方才紧张之下倒未觉出异状,如今神情放松下来,满身的疲惫酸痛感顿时涌来,王浩又坐在地上休息了片刻,也顾不得到河中去捕鱼,一手拖住风狼的尾巴,一手抱住白兔向着回去的路上走去。
盏茶时间已来到了草屋前,先向王龙描述了所发生的事,讲到其中的凶险之处,王龙也忍不住呼吸急促,勃然变色,最后唏嘘之余,他也无从判断事情的蹊跷之处,又仔细检查了白兔全身,诸无半点异常,只得就此作罢。
好在那风狼极为肥硕,王浩一一把它肢解开来,胡乱放了些佐料,倒是够两人吃上一阵子的。
每天早上,王浩都会雷打不动地在草屋前的空地上,练习着在王家学习的最基本的武技,没有真气的支撑,撑不了多久,就已经是气喘吁吁了,但他仍咬牙坚持着,王龙在一旁看了,虽然对他的意志赞许不已,但一想到他的体质,心中就悲怆不已,但当着王浩的面,却丝毫没有表露出来。
转眼间,两人已在草屋中住了十几天,十几天来,王龙的容颜愈加苍老,身体已远远不如从前,就连走起路来也有些有气无力了。王浩虽然急在心里,但却毫无办法,唯有心中更加地自责。

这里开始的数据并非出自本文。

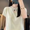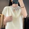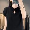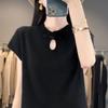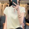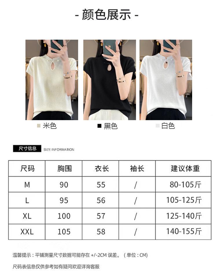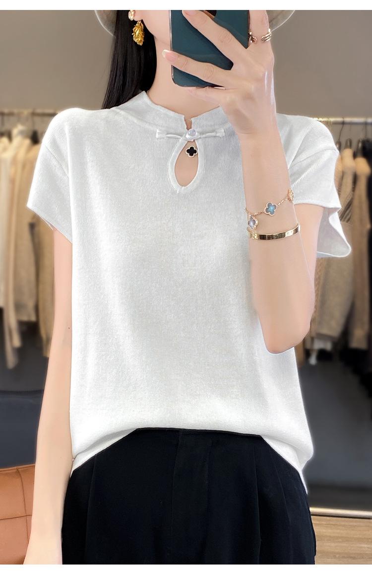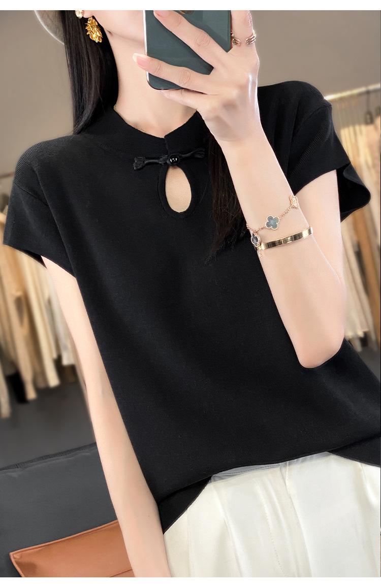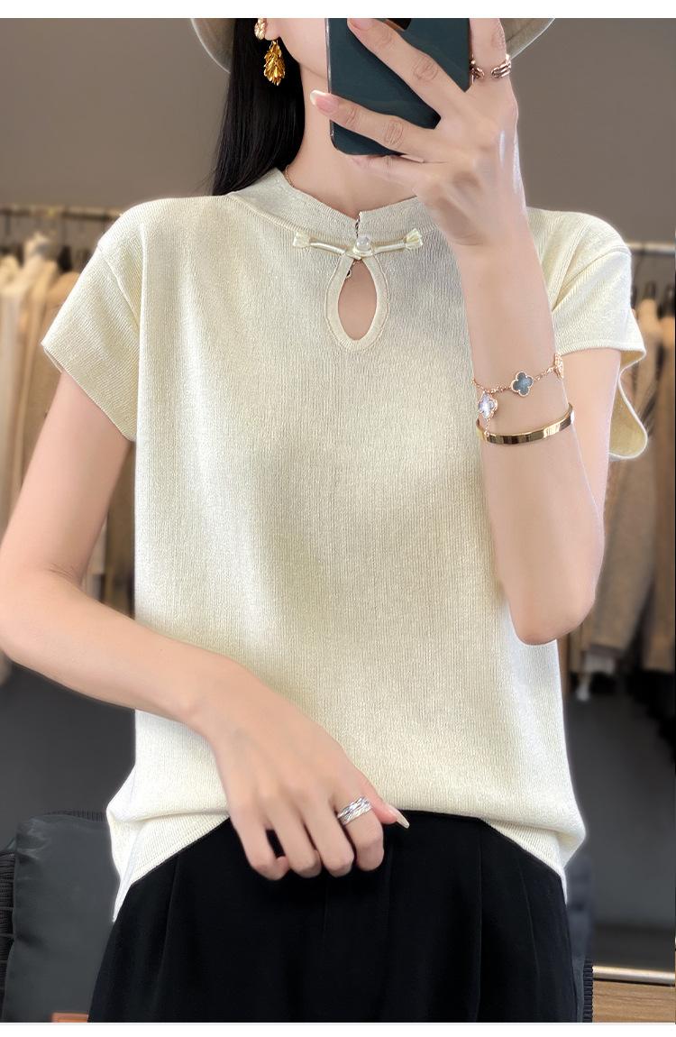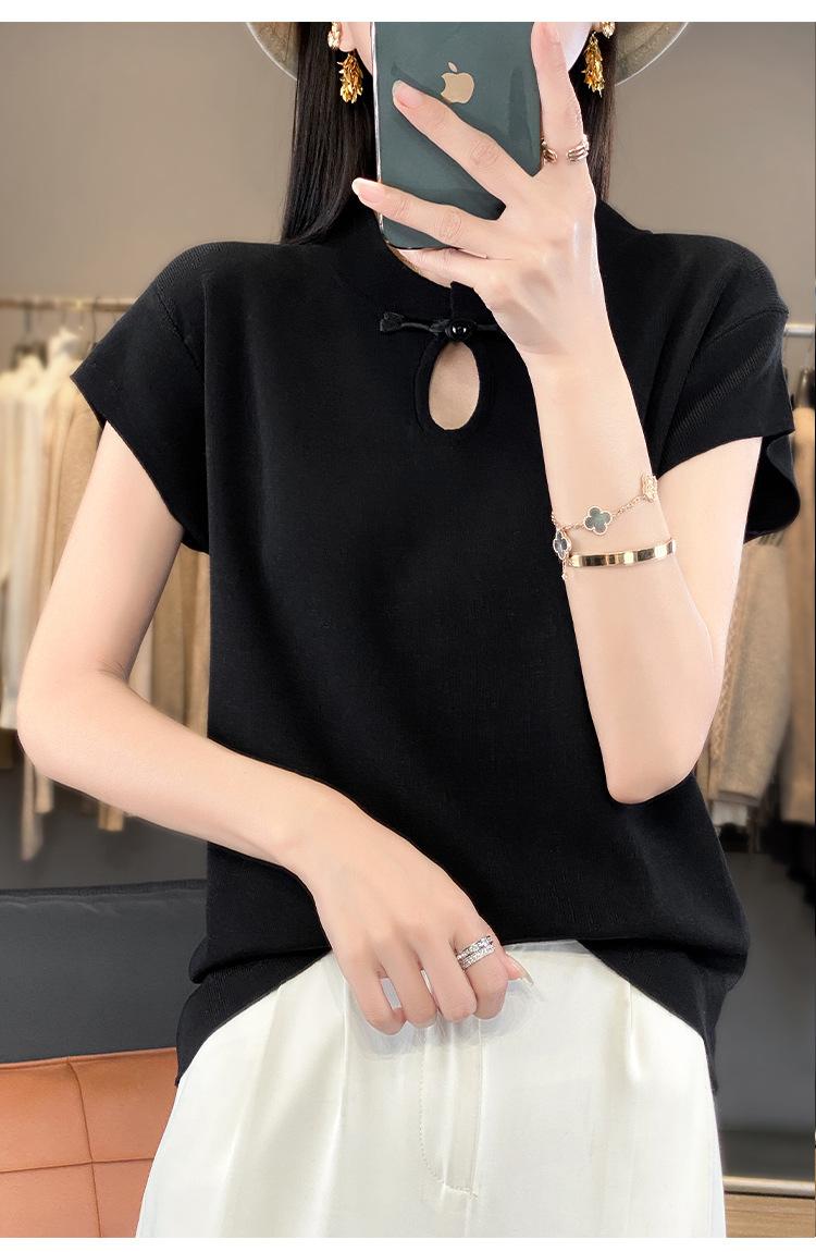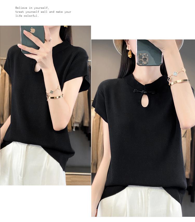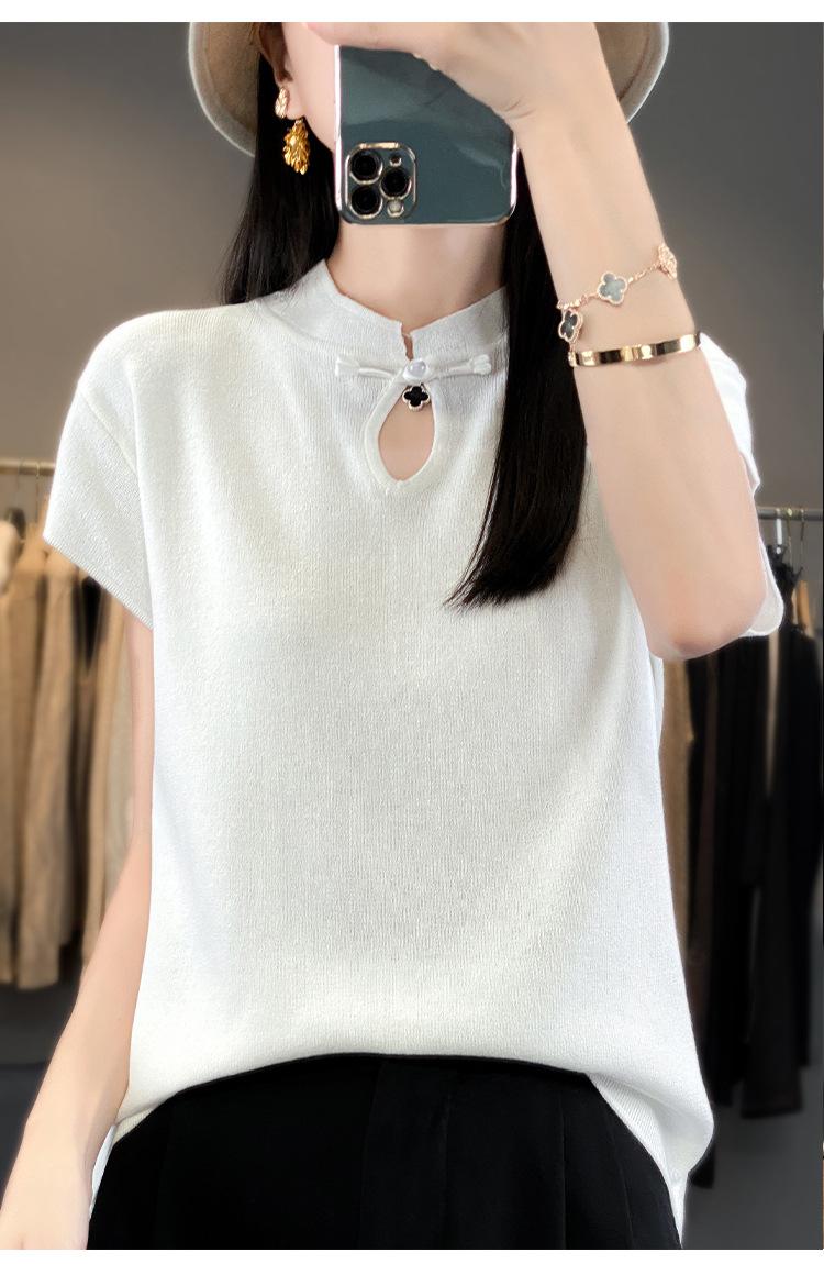 Compra Suéter de cuello alto de seda helada de estilo nacional chino para mujer, novedad de verano de 2024, suéter de manga corta con hebilla de color sólido, top suelto al por mayor en Joom.pro

天气渐渐寒冷了,草屋有几处角落都因为年代的久远,顶上的茅草早已所剩无几,直接露天了。这天,王浩外出去砍了些树枝,兴冲冲地回到了家中,放眼看去,那草屋依旧是那样的破旧,那样的简陋,那样的摇摇欲坠,可每次他一踏进去,心中就感觉到的是无比的温馨。
精疲力尽地放下了背上的柴草,和往常一样,王浩下意识地呼唤了几声王龙,却并未听到回声,不由心情一暗,眼见闪动了几下。
“二爷爷定是又到小河边上静思去了,唉,他老人家本在关家受尽人尊重,可以安心养老,一切都是因为我,都是因为我不争气!”
心情忧郁了一阵,突然脸色一变,慌忙走出草屋。
“小白!”
小屋的不远处,是一片不算太大的草地,只见到一只雪白的兔子,咋见有人来,吓得一激灵往后蹦了两下,待看清来人时,欢叫一声,跳到了王浩的怀中。
“吓死我了!”
手抚着小白的绒毛,王浩一颗心才放了下来,啐道:
“叫你不要乱跑的!万一碰到关啸他们可怎么办?我能从风狼的口中把你救下来,但关啸那些人,比风狼还要可恶的多!以后不要乱跑了,听到没有!”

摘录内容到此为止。